Tiago Carneiro da Cunha (born 1973 in São Paulo, Brazil), is a Brazilian artist.

He is the son of José Mariano Carneiro da Cunha and Manuela Carneiro da Cunha, anthropologists. During his formative years, he took life-drawing classes in the studio of local painter Sergio Sister, drew comics, which were published, when he was 17, in the Brazilian underground comics mag Animal), and worked as a freelance illustrator for Folha de S.Paulo newspaper and DPZ advertising agency.

In his early twenties, after a year studying visual arts at Parsons School, New York, he worked as an assistant to theatre director and visual artist Robert Wilson in several stage productions in Europe and the US. He moved to Barcelona in 1995, where he continued his studies and helped create the XXX collective, with which he presented performances in museums and festivals in Spain and Portugal (Fundació Miró, CCCB, Expo98), and which received the KRTU prize from the Government of Catalunya in 1996.

On his return to Brazil in 1998, he was awarded the Apartes Scholarship, from the Brazilian Ministry of Education's CAPES Institute, for postgraduate studies in Visual Arts at Goldsmiths College London, where he is tutored by artists such as the Chapman Brothers, Liam Gillick, Martin Maloney, Cerith Wyn Evans, Pierre Bismuth, Richard Wentworth and Michael Craig-Martin among others. In collaboration with Eva Bensasson, he organizes the collective exhibition "nonstop opening"(1999), which shows hundreds of young artists in the Acava Studios Gallery in Soho, and which later receives an edition in Lisbon at the Galeria Zé dos Bois (2000, organized by João Pedro Vale, Nuno Ferreira & Vasco Araújo). Also during his stay in London, he works for a year as an assistant to British artist Liam Gillick.

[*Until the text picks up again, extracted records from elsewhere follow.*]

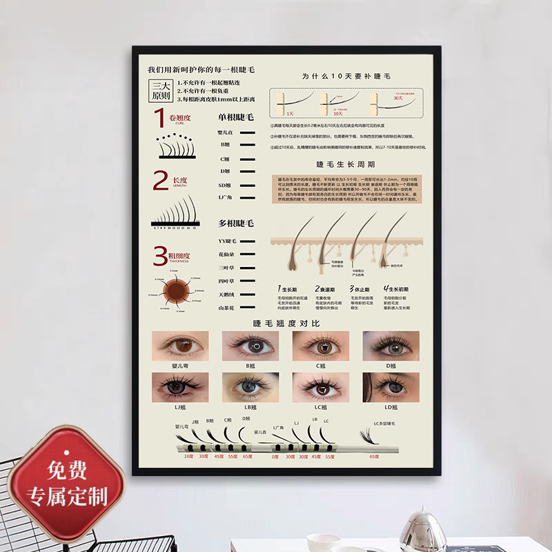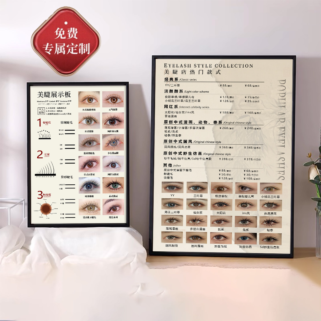 美睫纹绣可定制打印展示板嫁接睫毛美容院项目价格表皮肤管理美甲美发价目表铝合金挂墙墙贴简约相框展示牌
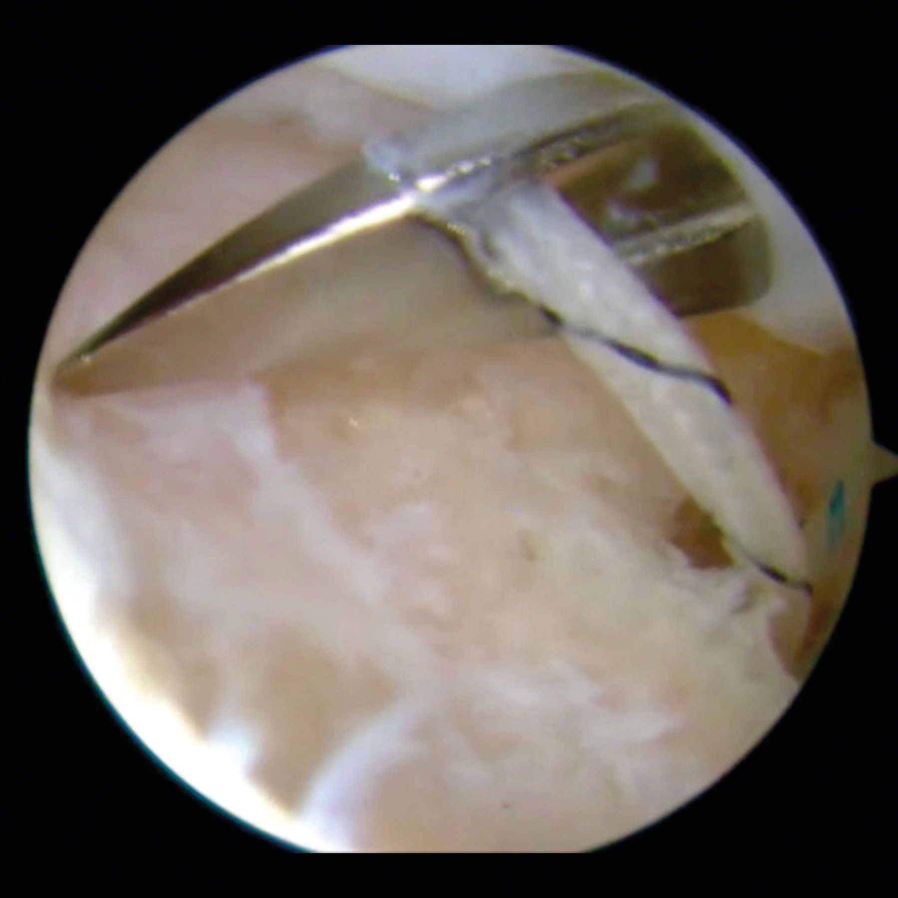 At this point the surgical procedure can be carried out. It is important to cautiously follow the different steps. Usually, the arthroscope is in the anterosuperolateral portal and the procedure can be achieved through the posterior portal. However, the size and the position of the Hill-Sachs vary, making the standardization of the posterior approach difficult.
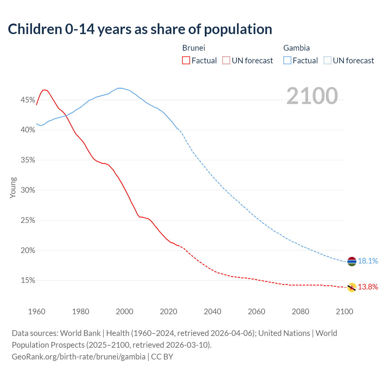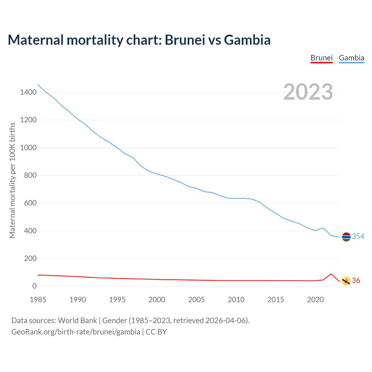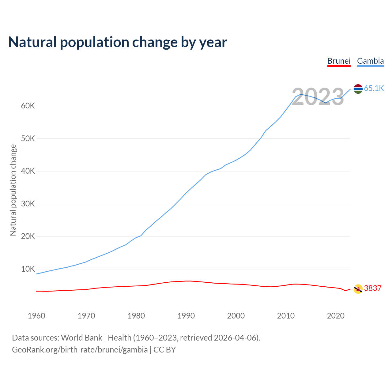 Brunei has an annual birth rate of 13.6 births per 1,000 people, compared to 30.4 for the Gambia. The average number of children a woman is expected to have during her lifetime — the fertility rate, is 1.75 in Brunei and 4.01 in the Gambia — 129.3% difference.
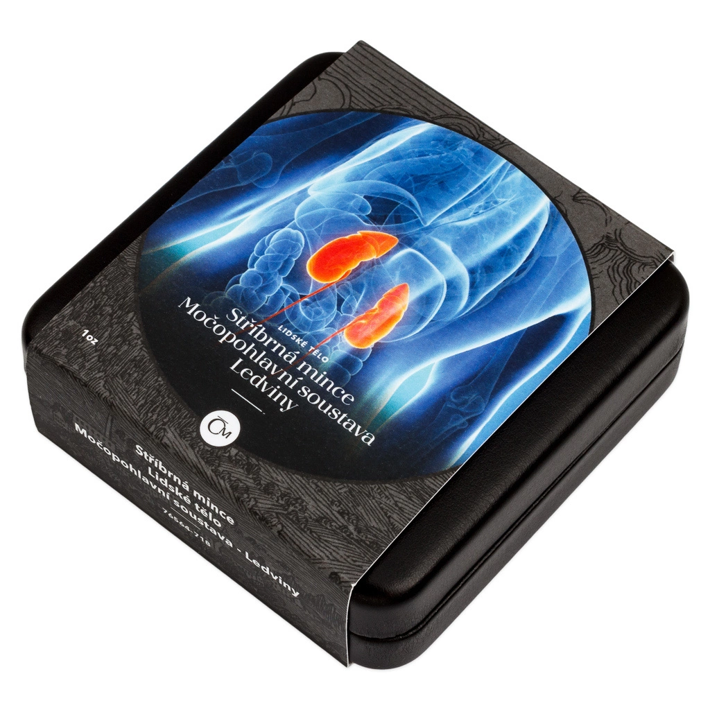 Human Body: Riñones coloreada 1 onza Plata 2025 Proof es la quinta moneda de plata de la serie "Human Body" de la Casa de Moneda Checa, dedicada al sistema urinario, específicamente a los riñones. El sistema urinario y el reproductivo están estrechamente relacionados en su desarrollo, pero sus funciones difieren significativamente. El sistema reproductivo se encarga de la reproducción, es decir, de transferir la información genética de los padres a la descendencia, mientras que el sistema urinario elimina los productos de desecho producidos durante la conversión de sustancias en nutrientes. Por las riñones pasa aproximadamente 1 litro de sangre por minuto, y un adulto filtra hasta 2.000 litros al día. El volumen diario de orina es aproximadamente de 1,5 litros.

In 2001, he returned to Brazil for an exhibition with Enrico David at the AGORA/Capacete Gallery, Rio de Janeiro, and for his first one-man show at Galeria Fortes Vilaça, São Paulo (2002), which established himself permanently in Rio de Janeiro. In 2006, he has his first one-man show in a London Gallery, at Kate Macgarry Gallery. He participated on a regular basis in group shows at museums and institutions in Brazil and abroad, and his work is part of collections such as the Saatchi Collection UK, Arizona State Art Museum Permanent Collection USA, Thyssen-Bornemissa TBA21 Collection Austria, and Coleção Gilberto Chateaubriand/MAM Rio de Janeiro, amongst others. In early 2009, Tiago Carneiro showed his work at Misako and Rosen Gallery, Tokyo, together with Erika Verzutti; in 2008, he had a solo show at Galeria VPF in Lisbon. He was the resident artist and guest tutor at the University of the Arts, Philadelphia, USA, in the fall of 2009.